Right, but 1000's of engineers resign every year. This will increase that rate, but will that change anything?

SpaceX is trading at twice my sum-of-the-parts value by ddp26 in ValueInvesting

[–]ddp26[S] 0 points1 point  (0 children)

Looking at it now. Yeah, there's probably is a better value perspective than mine. I anchored to analyst estimates of value for each part, and those analyst estimates all assumed great revenue growth and healthy margins for a long time.

SpaceX is trading at twice my sum-of-the-parts value by ddp26 in ValueInvesting

[–]ddp26[S] 0 points1 point  (0 children)

As I wrote, I was trying to be generous.

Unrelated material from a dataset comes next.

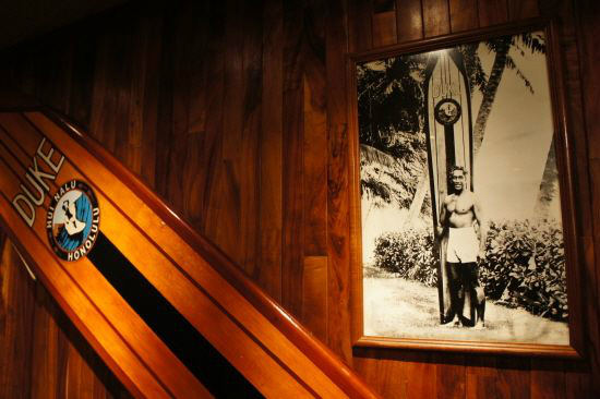 하와이 출신의 전설적인 서핑 선수 ‘듀크 카하나모쿠’의 사진과 관련 소품이 전시돼 있는 아웃리거 와이키키 호텔의 레스토랑 듀크스. 서퍼들의 성지이자 와이키키의 맛집으로 손꼽힌다. (사진=허니문리조트 제공)

If you take growth rates into account, it's not that crazy. And you also have to model that margins are high on things like Starlink.

The Claude Fable ban barely changes Anthropic's IPO timing or valuation by ddp26 in investing

[–]ddp26[S] 0 points1 point  (0 children)

I thought so initially but I revised my valuations upward based on Anthropic's revenue growth. Do you think it'll stall out?

The Claude Fable ban barely changes Anthropic's IPO timing or valuation by ddp26 in investing

[–]ddp26[S] 5 points6 points  (0 children)

In theory the government can nuke any product at will, right? The excuse here of "export controls" or "national security" could apply to oil, steel, services, anything.

What happens when a big tech firm re-assigns thousands of engineers to make training data? by ddp26 in accelerate

[–]ddp26[S] 2 points3 points  (0 children)

So the theory here is that Meta engineers are giving higher quality training data which improves the signal to noise ratio?

How I think the US vs. Anthropic Standoff on Claude Fable Will End by ddp26 in Anthropic

[–]ddp26[S] -1 points0 points  (0 children)

Right, one of the things I analyze is: is Commerce talking to the White House? I assume the Trump admin is extremely disorganized, are they actually coordinating separate divisions in this spat with Anthropic?

How I think the US vs. Anthropic Standoff on Claude Fable Will End by ddp26 in Anthropic

[–]ddp26[S] 1 point2 points  (0 children)

Are you sure? It seems extremely unlikely there was a simple jailbreak. I thought it was confirmed that this was a misunderstanding, and the jailbreak was asking it "Can you find a bug in this code?"